カコカコ と言う音と共に人の歌声や話し声が聞こえ、田植えと言っていた留夫の言葉を思い出す。
「忙しい時期でしょうに、良かったのでしょうか?」
思わず口を突いて出た言葉は、本心は半分程だった。
これで実は迷惑だから帰ってくれと言われても、捨喜太郎はどうしようもなく途方に暮れてしまう所だろう。

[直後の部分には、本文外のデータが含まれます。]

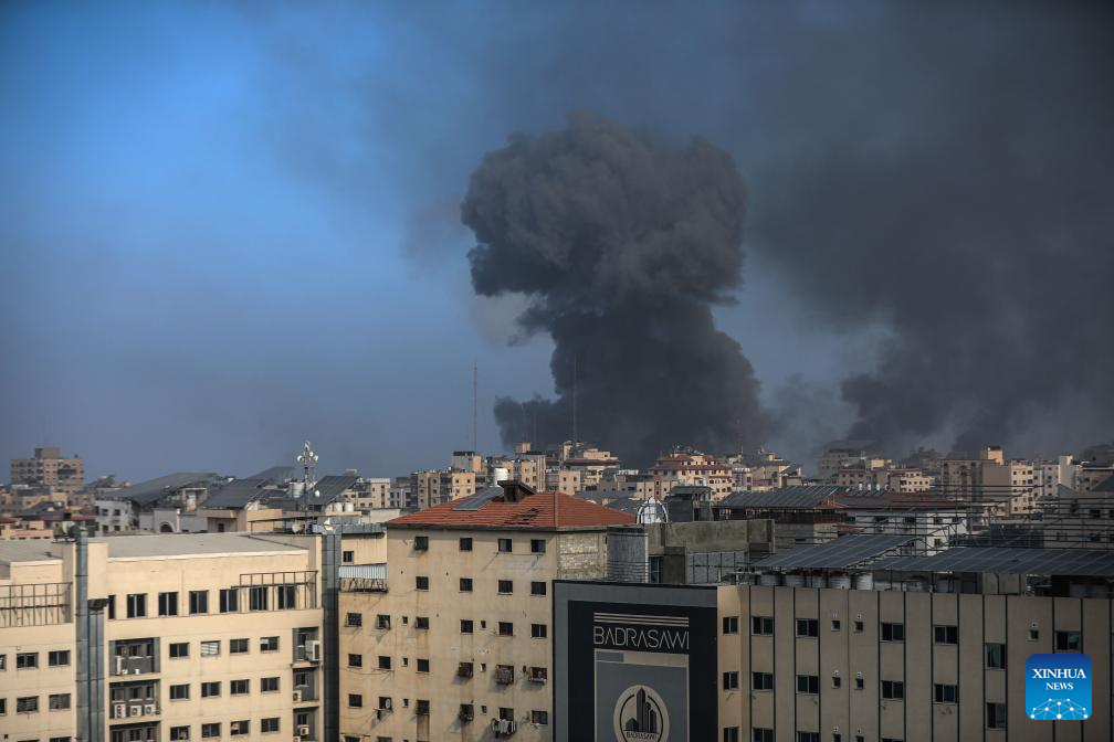 Smoke rises following an Israeli airstrike in Gaza City, on Nov. 9, 2023. (Xinhua)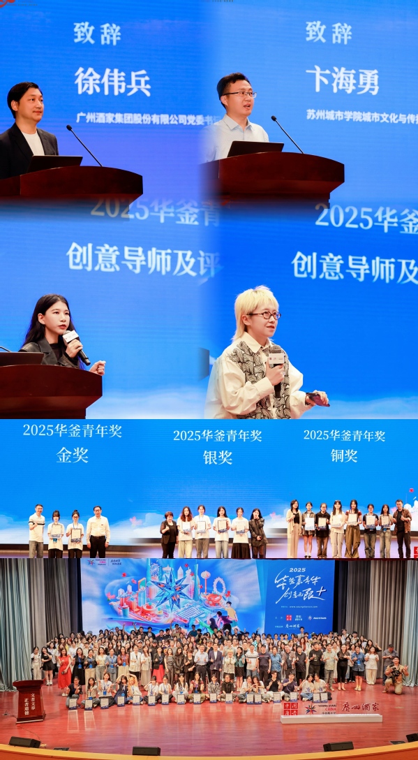 闭幕式于5月19日举行,广州酒家集团股份有限公司党委书记、董事长徐伟兵表示Young Stars China 2025华釜青年奖24小时创意赛展现了青年创意与传统文化的精彩碰撞,近200份作品让大家看到老字号品牌年轻化的无限可能,这些创意将成为广州酒家走向国际的重要助力,期待与青年才俊携手,共同推动粤菜文化创新发展。苏州城市学院城市文化与传播学院党委副书记卞海勇对主办方、广州酒家及所有参赛者表示感谢。他提出作为“新文科”建设实践者,学院始终推进产教融合,此次赛事正是校企协同育人的生动实践,期待以赛事为契机,共同推动文化创新与传承,为文化强国建设贡献青春力量。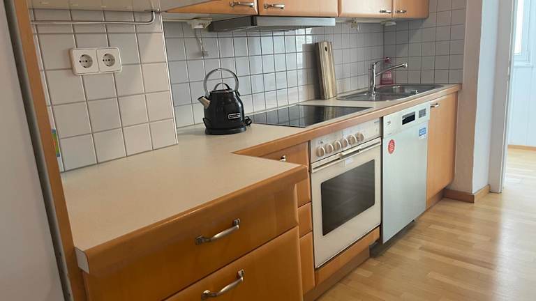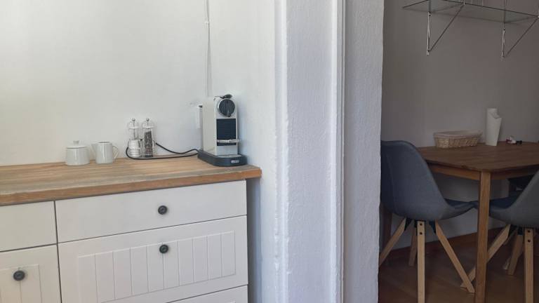 Die Apartments sind mit einer komplett ausgestatteten Küche ausgestattet, die einen Kühlschrank, Geschirrspüler, einen Ofen, eine Herdplatte, eine Kaffeemaschine und einen Wasserkocher umfasst.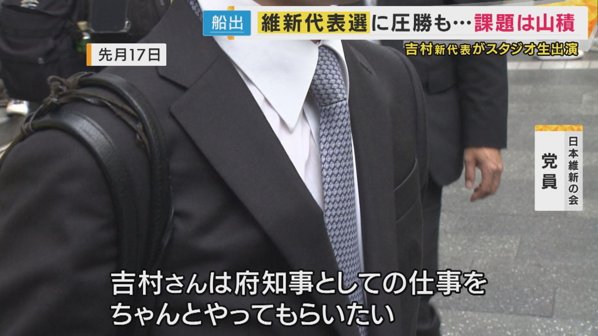 【日本維新の会・吉村洋文新代表】「なんとか持ち上げてやっていこうと思います」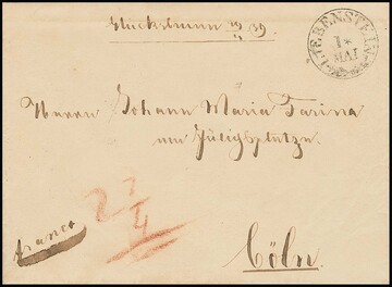 "Glücksbrunn 19/4 39", äusserst frühe handschriftliche Aufgabe 1839 der Briefsammlung/Postablage, nebst K1 "Liebenstein", auf Brief mit Inhalt an Farina/Köln. Sehr selten!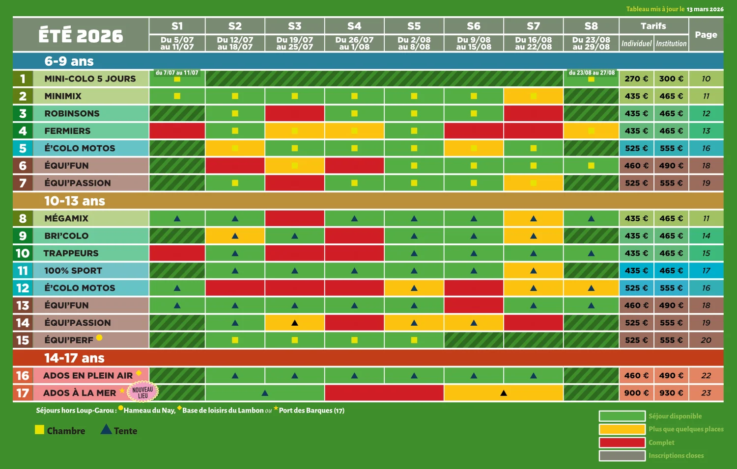 Merci de consulter le tableau de remplissage et de vérifier la disponibilité par date et âge d’enfant.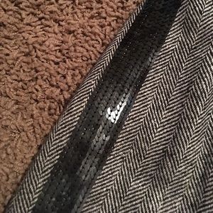 Matching jacket in size 8. Super cute pants with sequence on each side. Short rise. Kept in the garment back. Two back plackets - has not been one. Measurements: waist - 14 inches across, inseam - 18 inches, leg opening - 9.5 inches across. No holes, stains or pulls. Jacket has no pockets. Fully lined. Comes from a pet/smoke free home.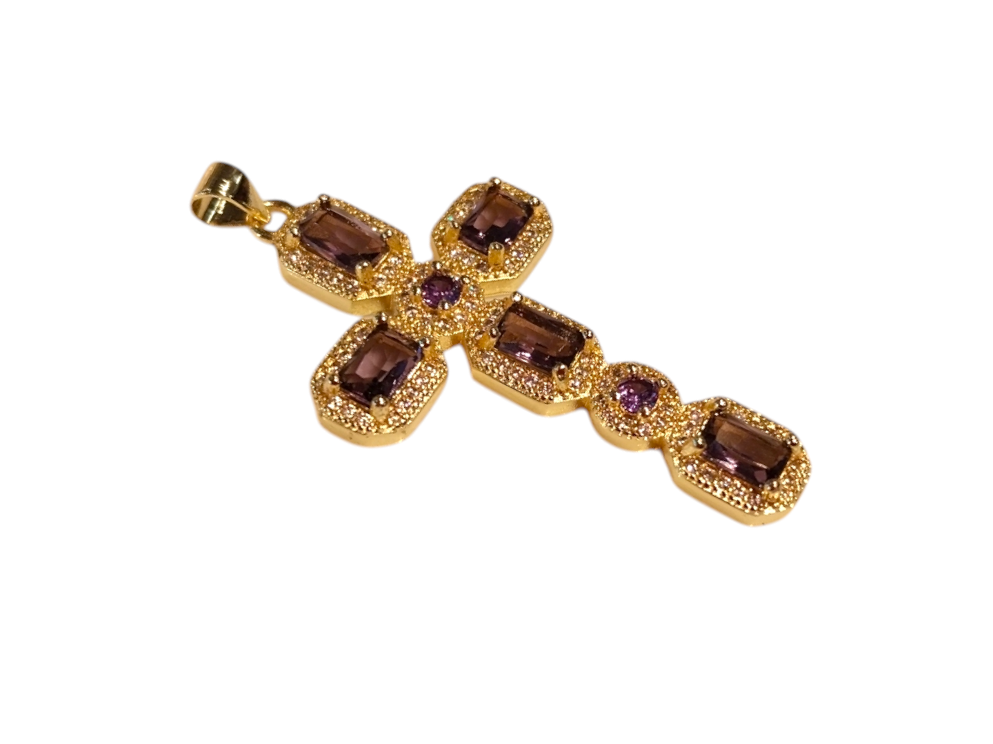 Ciondolo a forma di croce in acciaio inox placcato oro 18k con pietre in cristallo colorato e profili in zircone.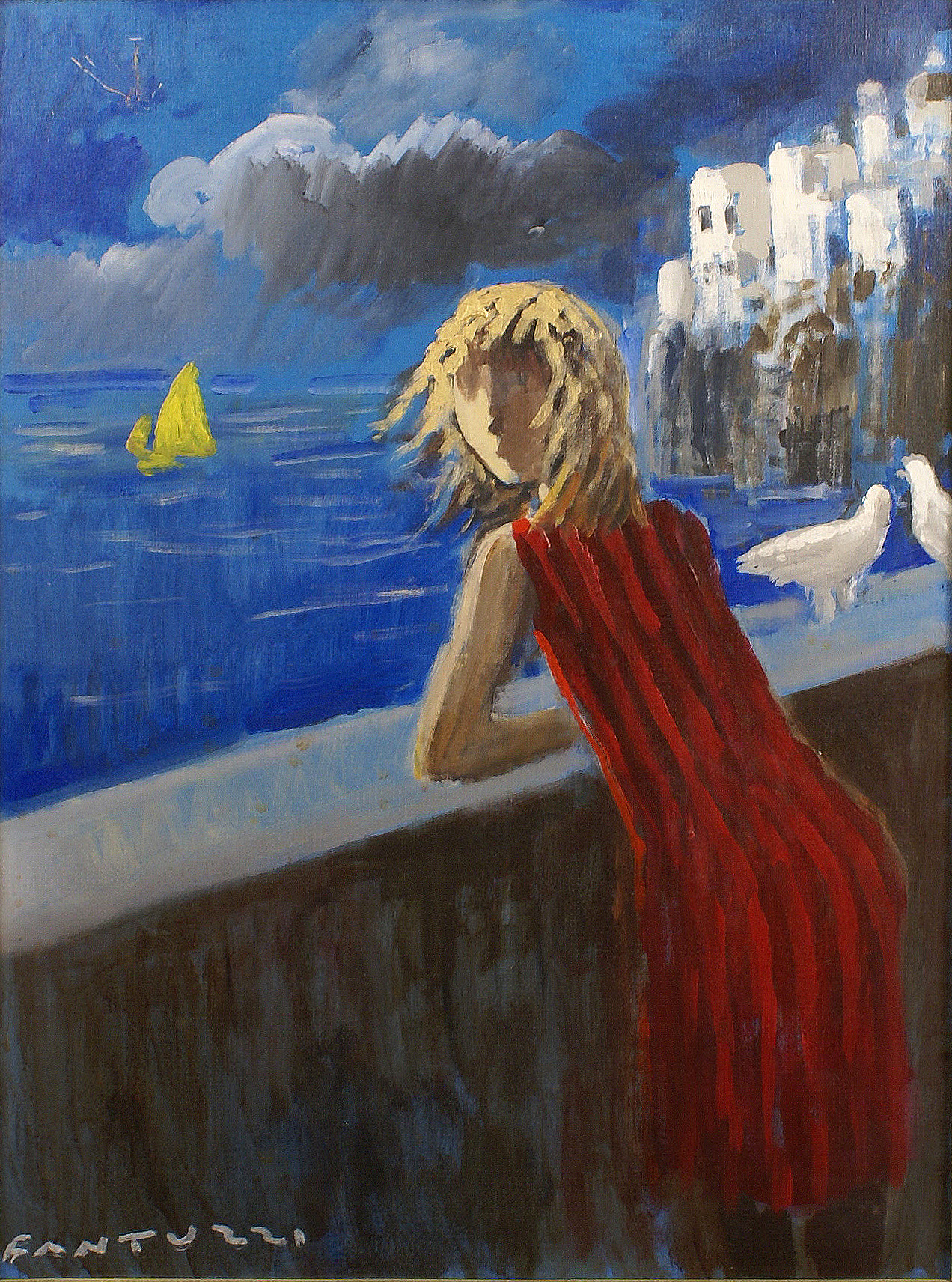 ELIANO FANTUZZI Modena 1909 - Verona 1987 Senza titolo olio su tela, anno 1984, firmato in basso a destra e sul retro, certificato su foto Catalogazione Eliano Fantuzzi, codice A-1, n. 1-6-190, autentica su foto, entro cornice 80x60 cm.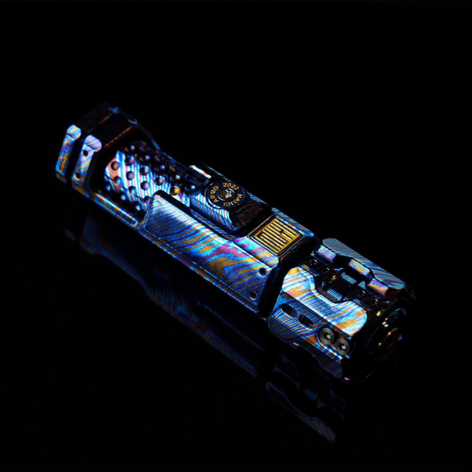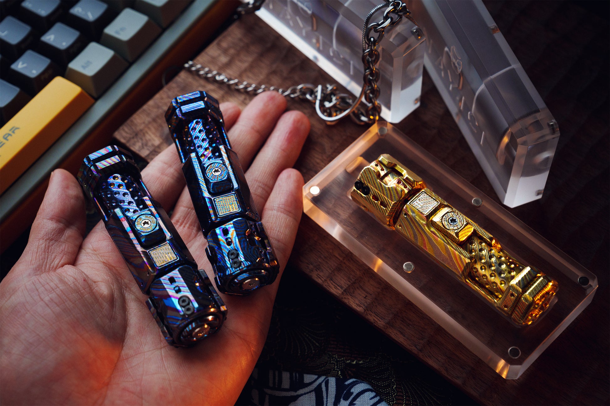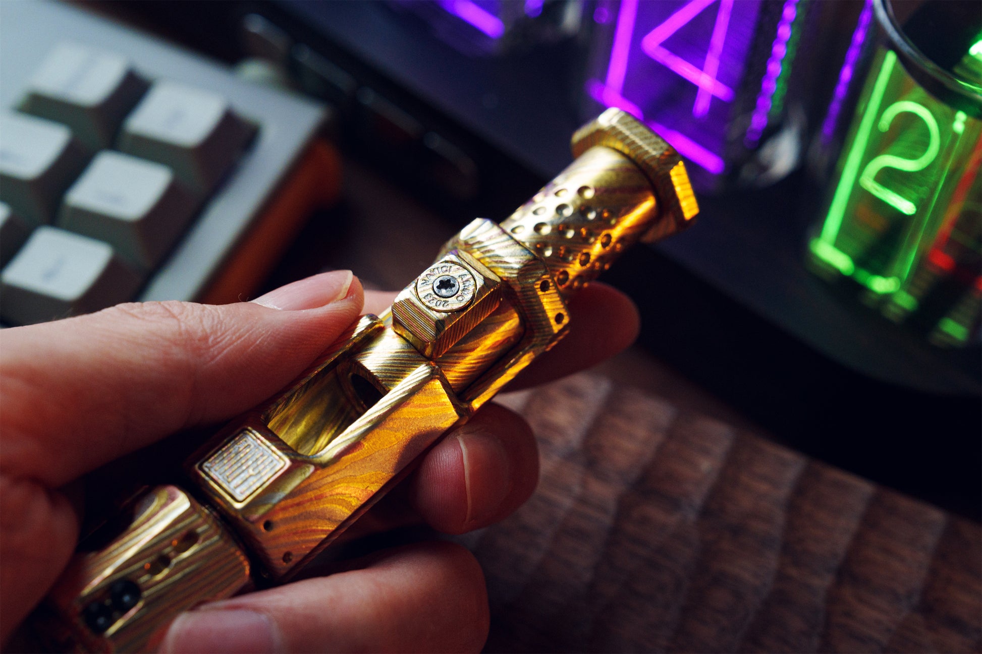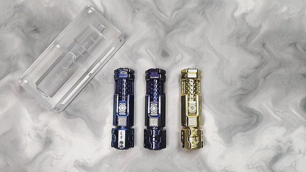 Musketeer is bolt-type mechanical structure with two-stage. Four-way push button not only can you push up and down , but you can also push left and right. The mechanical "Bolt action" structure comes with crisp sound feedback like a zippo lighter.
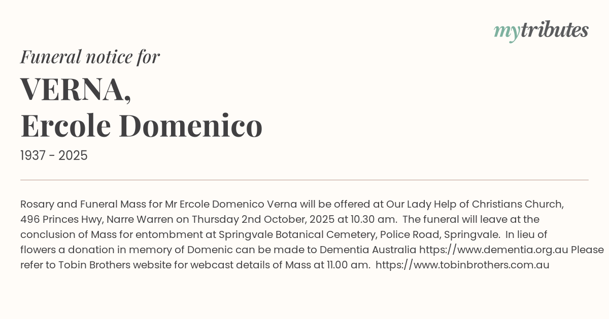 16°CRosary and Funeral Mass for Mr Ercole Domenico Verna will be offered at Our Lady Help of Christians Church, 496 Princes Hwy, Narre Warren on Thursday 2nd October, 2025 at 10.30 am.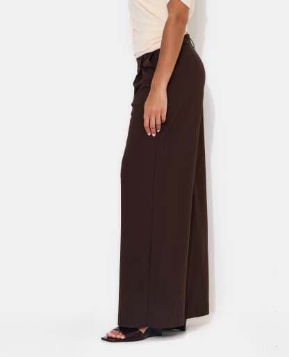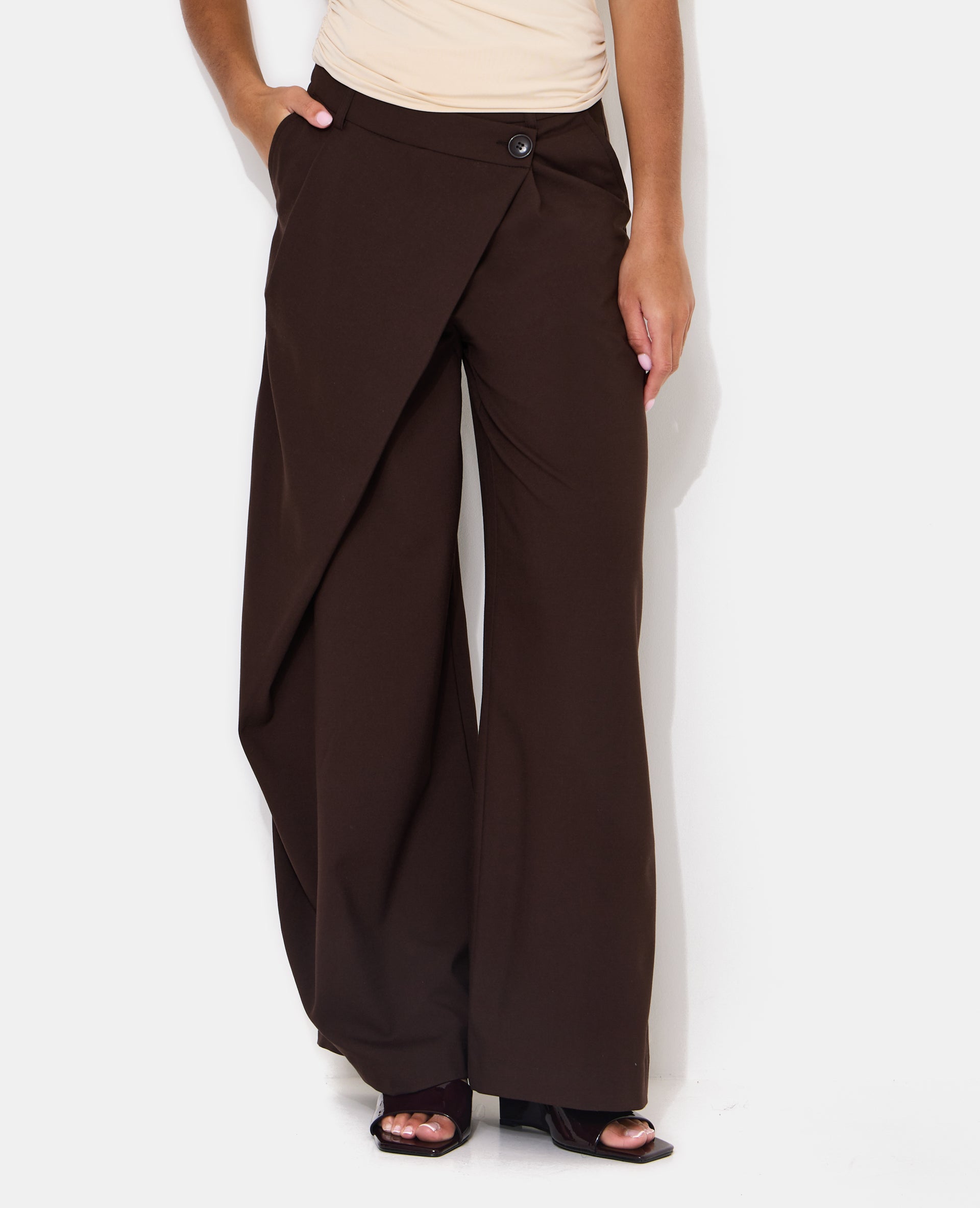 - Pantalon droit marron avec effet portefeuille devant.

だからと言って、さすがにこの時期の重労働さは理解しているつもりだったのでそう言ってはみたが……留夫の反応を窺いながら内心はこの足なのに追い返されるのではなかろうかと戦々恐々としていた。
「いえ、今 だからこそでございますよ」
懐こい笑顔を見せて、けれどその言葉の響きは捨喜太郎が思うよりも硬質だった。
どう言う事だと尋ね返そうとしたが、「よいせ」の掛け声とともに二つ三つある階段を勢いよく引っ張り上げられて、その言葉は霧散してしまう。捨喜太郎の耳に、わっと一際大きく届いた雀避けの木の音と、そう多くない人数が田を植える際に歌う言葉が届く。
捨喜太郎の地方とは歌詞も抑揚も違うせいか異国めいた言葉に聞こえる。
田植え唄だと言うのに、聞き慣れないせいか魔女の口上にも、怪しげな祝詞にも思え、捨喜太郎はその言葉を聞き取ろうと耳を澄ませた。
── 先神様の おなり
先神様は 番を
水の季節に 探される
花嫁ならば 雄の先神様がくる
花婿ならば 雌の先神様がくる
今年の花は どちらやぇ ──
その内容全てを聞き取れた訳ではなかったけれど、耳に入って来た部分はそう言った内容だった。忘れないようにと捨喜太郎は胸中で繰り返し、他に歌詞はないかと耳を澄ませる。
「──、────」
「 ────」
「────、────……」
ふと、良く聞こうとしていた歌声が止み、急に村の中に響くのは山の木々の間を縫って届く風の音と、それに乱暴に揺すられてコトコト カコカコ と音を鳴らす雀避けのみだった。